You should use this procedure when you already have a sample with a known assigned value and you want to estimate the bias and test whether it is significantly different to zero. It is possible for the bias from a study to be greater than zero due to the chance alone. This procedure ensures that the assumption that the bias is 0 is only falsely rejected 5% of the time when it is in fact true.
The standard error (SE) of the assigned value depends on the source of the assigned value. Reference materials usually are accompanied by a standard uncertainty, whereas proficiency testing materials usually specify the SD and number of laboratories. The standard error (SE) should be computed using the formula in the CLSI document. The degrees of freedom (DF) is usually only used when the sample is PT material and is equal to the number of laboratories minus 1.
CLSI EP15-A3 uses a familywise significance level so the overall significance level is a maximum of 5% regardless of the number of comparisons (for example, for 1 level the significance level is 5%, for 2 levels the significance level is 5%/2 = 2.5% for each level, for 3 levels the significance level is 5%/3 = 1.6% for each level).
The analysis report updates.
The table shows the observed and expected value along with the bias and the hypothesis test p-value for each level.
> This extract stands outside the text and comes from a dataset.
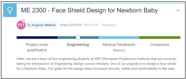 My WPI remote ME2300 Engineering design class took advantage of the Open COVID19 community. The class was divided into teams of four students. Our focus was designing and manufacturing a cost-effective full-face shield for a new born baby. Up to this time, most of the designs were targeted for adults.
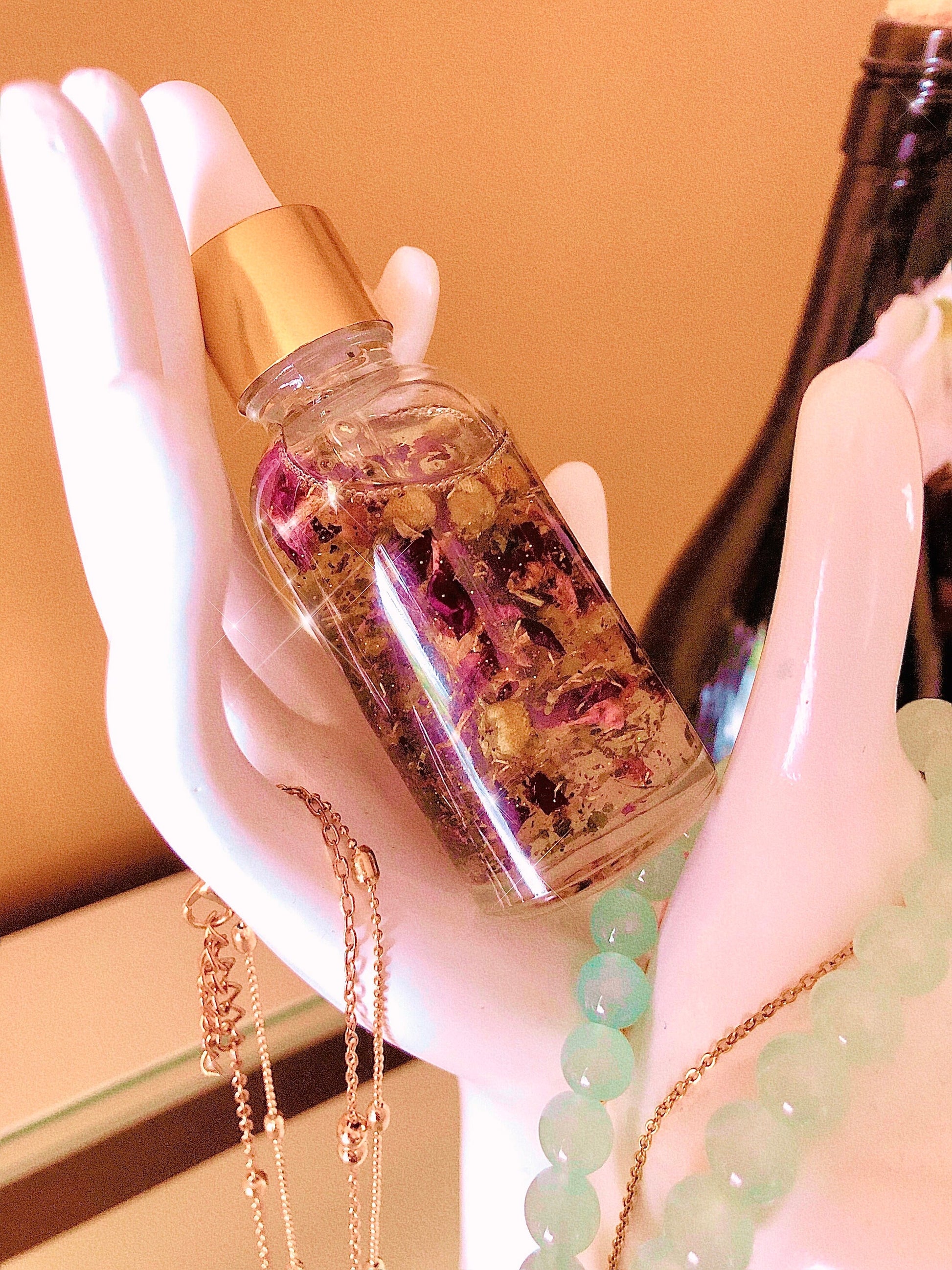*Best Seller* Luxury in a Bottle. A true girls oil. Goddess Beauty Oil in roller bottle to carry with you on the go is a customer favorite, rightfully so. Its properties are to induce confidence, attention, attraction, luxury, opulence and wealth. Made with Egyptian Blue Lotus flowers this oil was specifically crafted with the ultimate divine feminine in mind. It embodies the energy of the divine feminine to attract only good things in ones life. Receive attention and praise when you where this oil. Heads will certainly turn. This oil is a must have for all feminine energies. The scent is AMAZING and lasts. Guaranteed to get complimented on how good you smell. Carry with you on the go and apply before going out in public to receive attention.

The hypothesis tests for level 1 and 2 are not significant in this example, but for level 3 the bias is significantly different from zero and is highlighted in red. You should therefore determine if the bias is acceptable for your laboratories needs by comparing it to user-specified allowable bias, or contact the manufacturer for further assistant in diagnosing the problem. If the hypothesis test is not statistically significant but the bias estimate is much larger than zero, you
may want to repeat the study with more data to be able to detect smaller departures from the zero.